According to the Zen of Python, "There should be one — and preferably only one — obvious way to do it." Also, "simple is better than complex." By these criteria, Python's PEP8 indentation rules are unpythonic.

First, there is a choice of using a so-called hanging indent

    def long_function_name(
            var_one, var_two,
            var_three,
            var_four):
        print(var_one)

or of aligning with the opening parenthesis

    def long_function_name(var_one, var_two,
                           var_three,
                           var_four)

With the latter, what if the name of the function changes? Perhaps you have an editor that automatically reindents the following lines to maintain alignment, or you run all your code through a formatter — but why should that be necessary?

The latter choice would also means allowing

    if (this_is_one_thing and
        that_is_another_thing):
        do_something()

even though the length of the "if (" coincides with that of the indentation unit. so that the indentation fails to distinguish the line on which the nested statements begin. And so PEP8 has to treat this as a special case

    if (this_is_one_thing
            and that_is_another_thing):
        do_something()

But in cases other than an 'if' statement, unless a line break is added after the '(', that's not allowed.
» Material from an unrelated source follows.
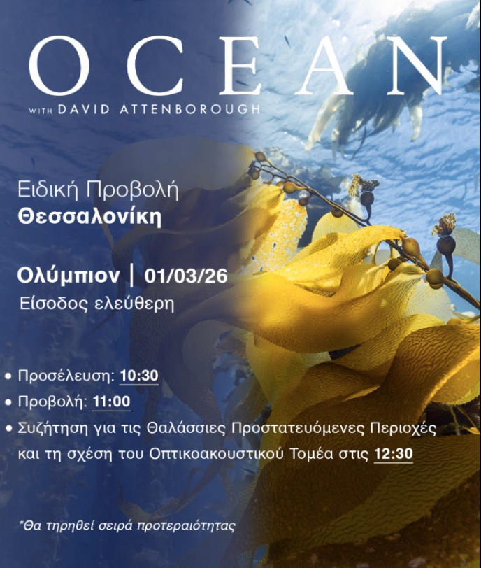 Το ντοκιμαντέρ «Ωκεανός με τον Ντέιβιντ Ατένμπορο» (Ocean with David Attenborough) ταξιδεύει τους θεατές σε ένα συναρπαστικό ταξίδι, δείχνοντας ότι δεν υπάρχει πουθενά πιο ζωτικό για την επιβίωσή μας, πιο γεμάτο ζωή, θαύματα ή εκπλήξεις από τον ωκεανό. Ο διάσημος ραδιοτηλεοπτικός παραγωγός και κινηματογραφιστής αποκαλύπτει πώς η ζωή του συνέπεσε με τη μεγάλη εποχή της ... Περισσότερα www.ertnews.gr

Then there is the choice that PEP8 offers between

    my_list = [
        1, 2, 3,
        4, 5, 6,
        ]
    result = some_function_that_takes_arguments(
        'a', 'b', 'c',
        'd', 'e', 'f',
        )

and

    my_list = [
        1, 2, 3,
        4, 5, 6,
    ]
    result = some_function_that_takes_arguments(
        'a', 'b', 'c',
        'd', 'e', 'f',
    )

The second option entails adding another special case to the rules, i.e., treating closing parentheses differently from other code. There is not even any particularly compelling reason for giving the closing square or round bracket a line of its own.

PEP8 indentation rules even allow for continuation lines to be indented by fewer than four spaces.
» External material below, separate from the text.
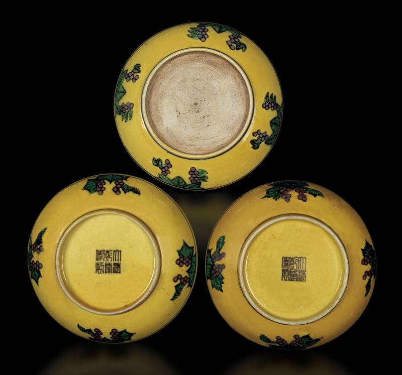 3 Sancai plates, China, Qing Dynasty, 1800s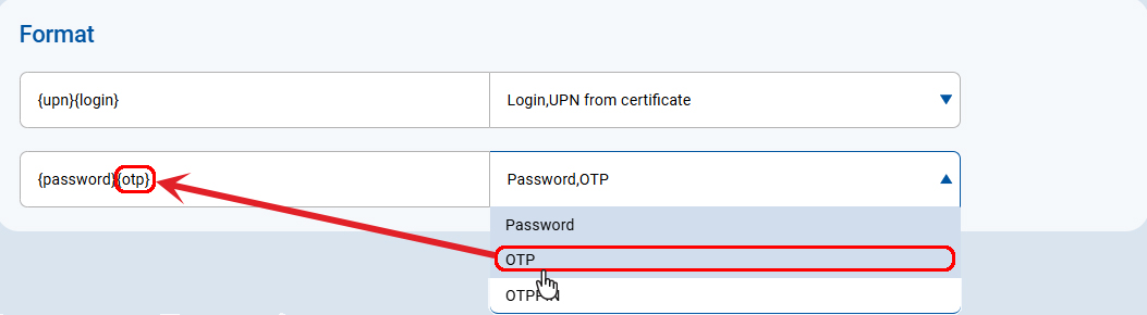 Введите данные требуемые для аутентификации пользователя. В выпадающем меню

Choice is appealing, but short and simple rules are what give real freedom. It's because all drivers must stop at every red light that we can all get across town relatively quickly. The PEP8 rules, in contrast, invite questions and discussion and time spent deciding between the relative importance of personal preferences and consistency with existing code.

Here then, I submit, is the one obvious way to do it:

  1. Nested statements are indented four spaces.
  2. Continuation lines are indented by eight spaces relative to the first line.

That's all.

Here's how it looks:

    def long_function_name(var_one,
            var_two, var_three,
            var_four):
        my_list = [
                1, 2, 3,
                4, 5, 6]
        nest_dict = {
                a: [
                (1, 'a'),
                (2, 'b'),
                ],
                b: [
                (3, 'c'),
                (4, 'd'),
                ]}
        if (var_one > len(my_list) and
                nest_dict[a][0] == 1):
            do_something()
        print var_one
        result = some_function('a',
                'b', 'c', 'd', 'e', 'f')

That example is not PEP8-compliant, but you're free to add line breaks to satisfy PEP8's "When using a hanging indent ... there should be no arguments on the first line". The pep8 checker will also complain about the lack of indentation for the nested data structure — though in fact PEP8 itself says nothing about intra-statement indentation. If you prefer to liberalize the above rules to include indentation for data structures, you can satisfy the pep8 tool (at least version 1.6.2) with code like

    def long_function_name(
            var_one,
            var_two, var_three,
            var_four):
        my_list = [
                1, 2, 3,
                4, 5, 6]
        nest_dict = {
                a: [
                    (1, 'a'),
                    (2, 'b'),
                ],
                b: [
                    (3, 'c'),
                    (4, 'd'),
                ]}
        if (var_one > len(my_list) and
                nest_dict[a][0] == 1):
            do_something()
        print var_one
        result = some_function(
                'a',
                'b', 'c', 'd', 'e', 'f')

For pylint, on the other hand, that's still not enough: it will tut-tut loudly at the universal eight-space indentation for continuation lines. To silence it, I suggest simply disabling 'bad-continuation' in your pylintrc.

Now, here's a useful and pragmatic test of an indentation scheme: does the indentation alone allow all statements to be distinguished from one another?

Put another way, could a simple program reliably pick out the statements by considering only the leading whitespace? For this, we exclude comments and multiline string literals. Pipe that last example above through

    perl -ne'{/^( *)(\S*.*)$/; if (!$2) {print} else {
        $l = length $1;
        if ($l <= $last + 4) {$last = $l; $c = ($c + 1) % 10};
        $i = $1; $m = $2; $m =~ s/./$c/g; print "$i$m\n"}}'

to see the result:

    11111111111111111111111
            11111111
            1111111111111111111
            1111111111
        22222222222
                22222222
                22222222
        3333333333333
                3333
                    333333333
                    333333333
                33
                3333
                    333333333
                    333333333
                33
        444444444444444444444444444444
                4444444444444444444444
            55555555555555
        6666666666666
        77777777777777777777777
                7777
                777777777777777777777777

—  Michael Breen, 2017